--- Extracted entries ---
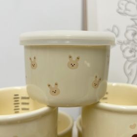 Children's Tableware Ceramic Bowl Fresh-keeping Sealing Band Scale (Option: Yellow Full Printed Rabbit)
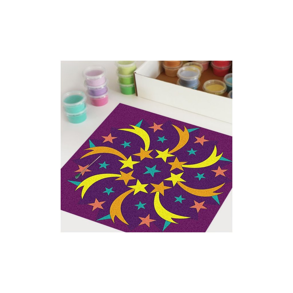 Obrázky vysypávané pískem je kreativní tvoření, které zaujme všechny generace svou jednoduchostí a nepřeberným množstvím barevných variant. Tvoření rozvíjí fantazii, barevné cítění a procvičuje jemnou motoriku prstů. Činnost může působit na uvolnění mysli, meditativně nebo relaxačně. Při tvoření v kolektivu působí pozitivně na týmový duch. Mandaly jsou velmi starou pomůckou při meditaci. V dnešní době je to nástroj pro relaxaci a sebepoznání. V mandalách se potkává barva (ženská energie) a tvar (mužská energie). To vše dohromady utváří harmonický celek nesoucí určitou energii, která během práce s obrazcem působí na duši člověka, který tvoří i na duši pozorovatele. Slovo mandala pochází ze sanskrtu a znamená kruh. Samotná mandala je nad kulturní symbol jednoty a rovnováhy vyskytující se ve všech dobách, kulturách i náboženstvích. Mandaly jsou staré jako lidstvo samo, což dokazuje i fakt, že nejstarší obrazce tohoto druhu se vyskytují už v paleolitu. Mandaly jsou všude kolem nás. Mandaly se dají najít také v půdorysu staveb ze starého Egypta, Babylónu a Jávy. V moderních dějinách je mandala dle posvátné geometrie (semeno života) půdorysem nejvyšší budovy světa v Dubaji.Doplňkové parametry
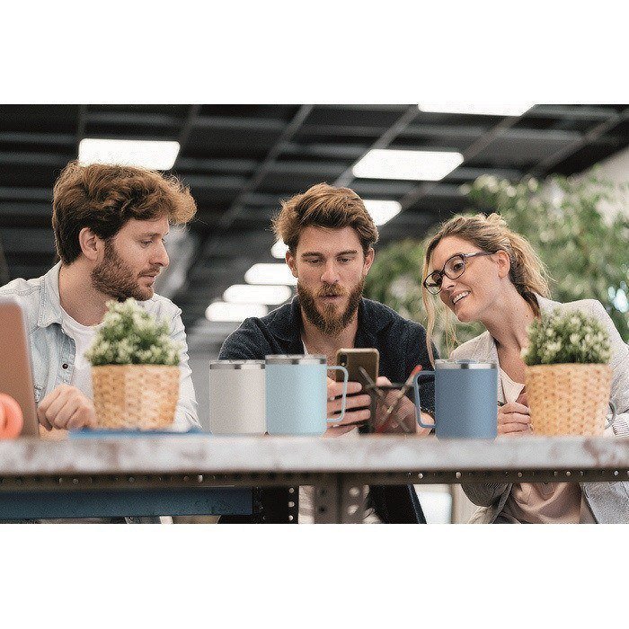 Doppelwandiger Edelstahlbecher, der Getränke zuverlässig auf Temperatur hält und dank Schiebedeckel Spritzer reduziert, ideal für Corporate-Umgebungen.
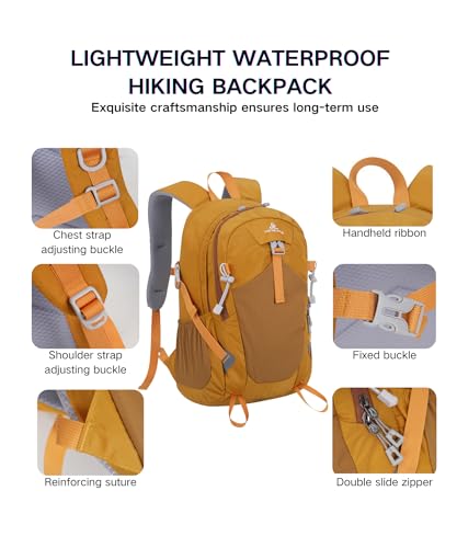Compact Hiking Backpack 20L, Light Travel Backpack, Nylon Waterproof Daily Bag, Comfortable/Breathable/Durable/Multifunctional/Portable/Outdoor Sports Bag for men and women,Yellow
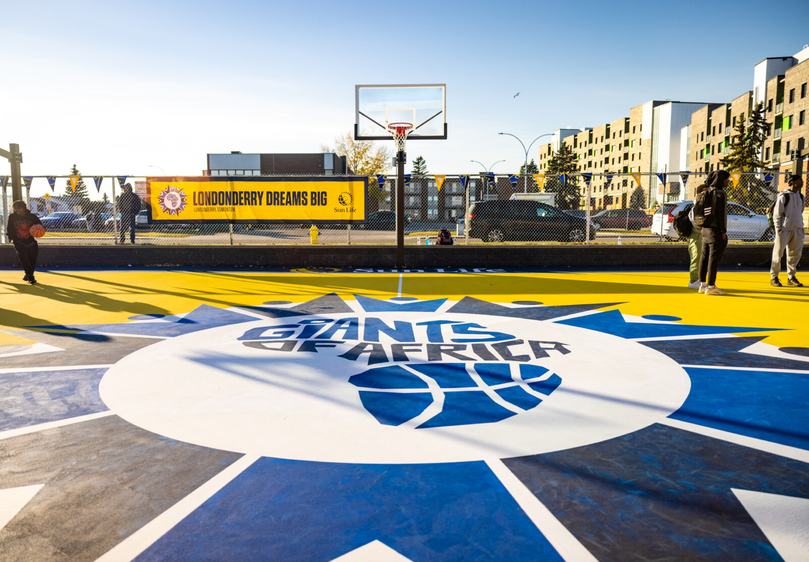 Sun Life, Giants of Africa and the Toronto Raptors partnered together on a mission of improving the lives of youth through basketball. As a foundational court partner in 2022, we partnered with the Londonderry School in Edmonton, Alberta, which thrives on its rich diversity, where the shared passion for sports and basketball unites youth from diverse backgrounds. The design of this court symbolizes the school’s interconnectedness among students, teachers, and staff. The elements tell a story of empowerment, resilience, and personal growth, creating a spirit of limitless possibilities.
---
## [Aim of the exercise]
Copy out the entries exactly. No pictures.

## [The completed task]
 Children's Tableware Ceramic Bowl Fresh-keeping Sealing Band Scale (Option: Yellow Full Printed Rabbit)
 Obrázky vysypávané pískem je kreativní tvoření, které zaujme všechny generace svou jednoduchostí a nepřeberným množstvím barevných variant. Tvoření rozvíjí fantazii, barevné cítění a procvičuje jemnou motoriku prstů. Činnost může působit na uvolnění mysli, meditativně nebo relaxačně. Při tvoření v kolektivu působí pozitivně na týmový duch. Mandaly jsou velmi starou pomůckou při meditaci. V dnešní době je to nástroj pro relaxaci a sebepoznání. V mandalách se potkává barva (ženská energie) a tvar (mužská energie). To vše dohromady utváří harmonický celek nesoucí určitou energii, která během práce s obrazcem působí na duši člověka, který tvoří i na duši pozorovatele. Slovo mandala pochází ze sanskrtu a znamená kruh. Samotná mandala je nad kulturní symbol jednoty a rovnováhy vyskytující se ve všech dobách, kulturách i náboženstvích. Mandaly jsou staré jako lidstvo samo, což dokazuje i fakt, že nejstarší obrazce tohoto druhu se vyskytují už v paleolitu. Mandaly jsou všude kolem nás. Mandaly se dají najít také v půdorysu staveb ze starého Egypta, Babylónu a Jávy. V moderních dějinách je mandala dle posvátné geometrie (semeno života) půdorysem nejvyšší budovy světa v Dubaji.Doplňkové parametry
 Doppelwandiger Edelstahlbecher, der Getränke zuverlässig auf Temperatur hält und dank Schiebedeckel Spritzer reduziert, ideal für Corporate-Umgebungen.
Compact Hiking Backpack 20L, Light Travel Backpack, Nylon Waterproof Daily Bag, Comfortable/Breathable/Durable/Multifunctional/Portable/Outdoor Sports Bag for men and women,Yellow
 Sun Life, Giants of Africa and the Toronto Raptors partnered together on a mission of improving the lives of youth through basketball. As a foundational court partner in 2022, we partnered with the Londonderry School in Edmonton, Alberta, which thrives on its rich diversity, where the shared passion for sports and basketball unites youth from diverse backgrounds. The design of this court symbolizes the school’s interconnectedness among students, teachers, and staff. The elements tell a story of empowerment, resilience, and personal growth, creating a spirit of limitless possibilities.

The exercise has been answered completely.